• [Task statement]
Would it be possible to write out each entry below exactly, without the pictures?
──────── Source data ────────
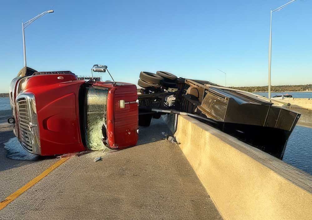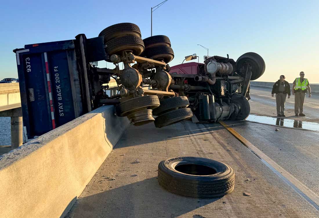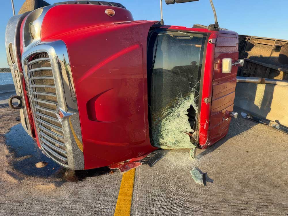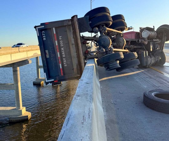 Dump Truck Left Hanging Over Escambia Bay Bridge After Tire Blowout
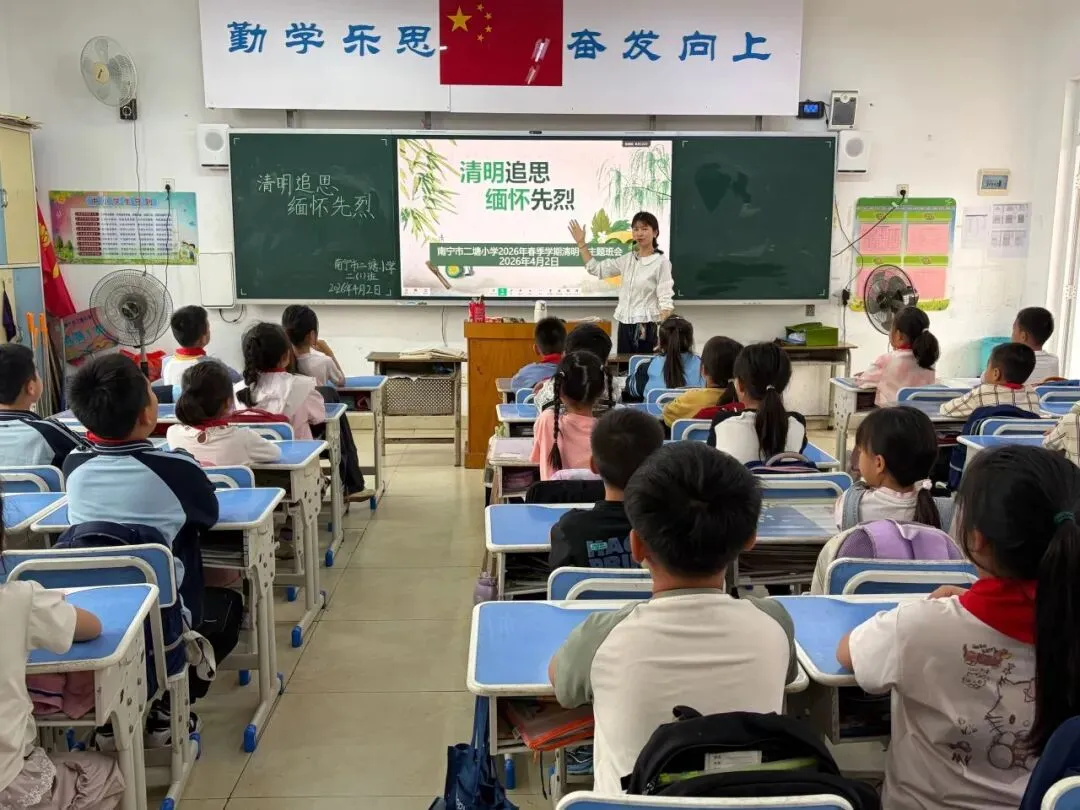 又是一年清明至,缅怀英烈寄哀思。为深入学习贯彻党的二十大精神,落实立德树人根本任务,南宁市二塘小学以党团队一体化联动为核心,在清明节期间,精心组织开展“清明祭英烈 红色永传承”主题系列活动,通过主题晨会、班会、祭扫烈士墓等形式,引导师生追忆革命先辈、感悟英雄精神,让红色基因代代相传、生生不息。
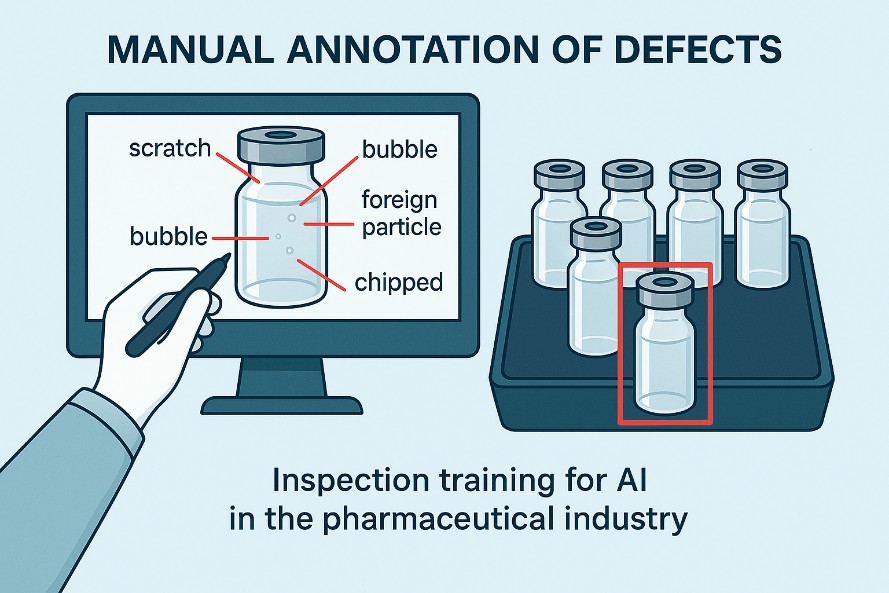 Consider a visual inspection system for vials or bottles. Before AI can be used in production, it must be trained on a large number of images.
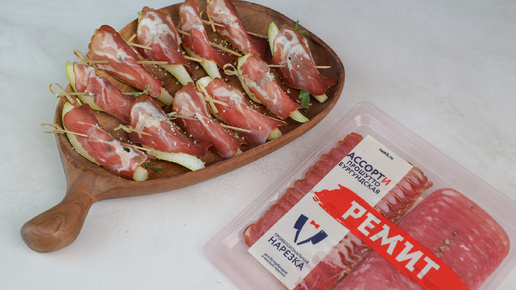 Закуска с грушей, Бургундской колбасой и прошутто
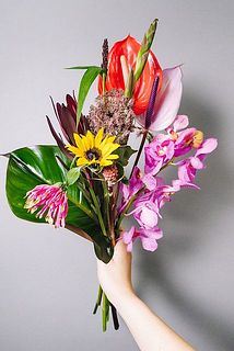 つやつやアンスリウムをメインにスパイシーなブーケをご用意😍
────────
• [Answer to this exercise]
 Dump Truck Left Hanging Over Escambia Bay Bridge After Tire Blowout
 又是一年清明至,缅怀英烈寄哀思。为深入学习贯彻党的二十大精神,落实立德树人根本任务,南宁市二塘小学以党团队一体化联动为核心,在清明节期间,精心组织开展“清明祭英烈 红色永传承”主题系列活动,通过主题晨会、班会、祭扫烈士墓等形式,引导师生追忆革命先辈、感悟英雄精神,让红色基因代代相传、生生不息。
 Consider a visual inspection system for vials or bottles. Before AI can be used in production, it must be trained on a large number of images.
 Закуска с грушей, Бургундской колбасой и прошутто
 つやつやアンスリウムをメインにスパイシーなブーケをご用意😍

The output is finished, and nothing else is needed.